Joachim Weinert ist Schichtleiter für den technischen Ablauf im Tunnel. Der Fachmann überwacht die Beleuchtung, Belüftung oder Katastrophensteuerung, die Pumpwerke oder die Nischenmobiltelefone. Vor ihm steht jeweils ein rotes, weißes, grünes und schwarzes Telefon, mit dem er direkt mit der Feuerwehr, Polizei oder Autobahnmeisterei verbunden ist. Der Schichtleiter arbeitet seit 15 Jahren im Elbtunnel. Mit Entsetzen erinnert er sich an den Selbstmord einer Frau mitten im Tunnel.

"Das Schlimmste, was ich selber erlebt hab, war eine Frau, die sich im Tunnel angezündet hat, die hat sich mit Benzin übergossen und hat sich mitten in der Röhre angezündet, das war so mit das Schlimmste, weil ich selbst im Einsatz war und den Einsatz geleitet hatte, das geht nicht spurlos an einem vorbei. "

Die Türen des Autos der Frau waren verriegelt, eine Rettung war nicht mehr möglich, die Helfer konnten das Fahrzeug nur noch bergen.
Während Joachim Weinert noch die Geschichte erzählt kommt plötzlich ein Alarm.

"Jürgen .... hab zwei Liegenbleiber Ausfahrt Bahrenfeld, Richtung Norden 11 … wir dachten erst das sind Unfälle, die haben den ADAC bestellt, aber weil der Verkehr wieder zurückgeht auf die Autobahn ist das kritisch, Wagen ist schon los . "

Nur wenige Sekunden nach dem Alarm ist ein Feuerwehrwagen unterwegs, der die Liegenbleiber von der Fahrbahn zieht. Ein längerer Stau hat sich erst gar nicht aufbauen können. Der Verkehr kann reibungslos weiterlaufen.

Mit einer Höchstgeschwindigkeit von 80 Stundenkilometern läuft der Verkehr durch den Elbtunnel.
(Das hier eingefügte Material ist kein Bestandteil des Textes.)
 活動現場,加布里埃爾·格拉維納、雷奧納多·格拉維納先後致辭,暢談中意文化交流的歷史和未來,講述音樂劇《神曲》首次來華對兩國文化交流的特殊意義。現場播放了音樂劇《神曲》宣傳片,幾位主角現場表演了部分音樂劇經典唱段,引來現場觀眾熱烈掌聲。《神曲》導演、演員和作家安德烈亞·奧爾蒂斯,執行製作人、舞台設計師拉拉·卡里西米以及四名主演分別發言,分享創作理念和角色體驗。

So ist es dem Leiter der Betriebszentrale Günther Frank am liebsten.

"Wir haben im täglichren Mittel etwa 120.000 Fahrzeuge pro Tag es kann Spitzenzeiten geben bis 130.000.
140.000 Fahrzeuge pro Tag, der Lkw Anteil schwankt, sonntags gar keine, sonst um 20 Prozent. "

Durchsage: "Achtung, Achtung, hier spricht die Polizei fahren Sie bitte zügig, sie behindern den nachfolgenden Verkehr. "

Wenn extreme Langsamfahrer im Tunnel unterwegs sind, setzt die Polizei schon mal Durchsagen ein, um diese Personen aufzufordern, Gas zu geben. Statt der Lautsprecherdurchsagen hat die Polizei seit kurzem auch die Möglichkeit, sich über den Verkehrsfunk direkt an die Autofahrer im Elbtunnel zu wenden. Sicherheit wird groß geschrieben, sagt Günther Frank.

"Wir haben hier alle hundert Meter so genannte Notrufnischen, die beinhalten ein Telefon und einen Feuermelder, da kann man sich verständigen, man kann sich aber auch über Handy verständigen. Die Handy-Netze funktionieren alle im Elbtunnel, da ist man nicht allein und wir selbst aus der Zentrale können uns an die Fahrzeugführer wenden über Lautsprecheranlagen und über simulierte Verkehrsfunkdurchsagen, wir schalten also die Sender ab, die üblicherweise empfangen werden können und können dann durchsagen übers Autoradio vornehmen aus der Zentrale heraus, die nur die Leute im Elbtunnel empfangen.

Trotz aller technischen Raffinessen - das unkalkulierbare Risiko sind die Autofahrer. Vor allem die Pendler leiden darunter, wenn es morgens oder abends im Berufsverkehr wieder heißt: Stau vor dem Elbtunnel.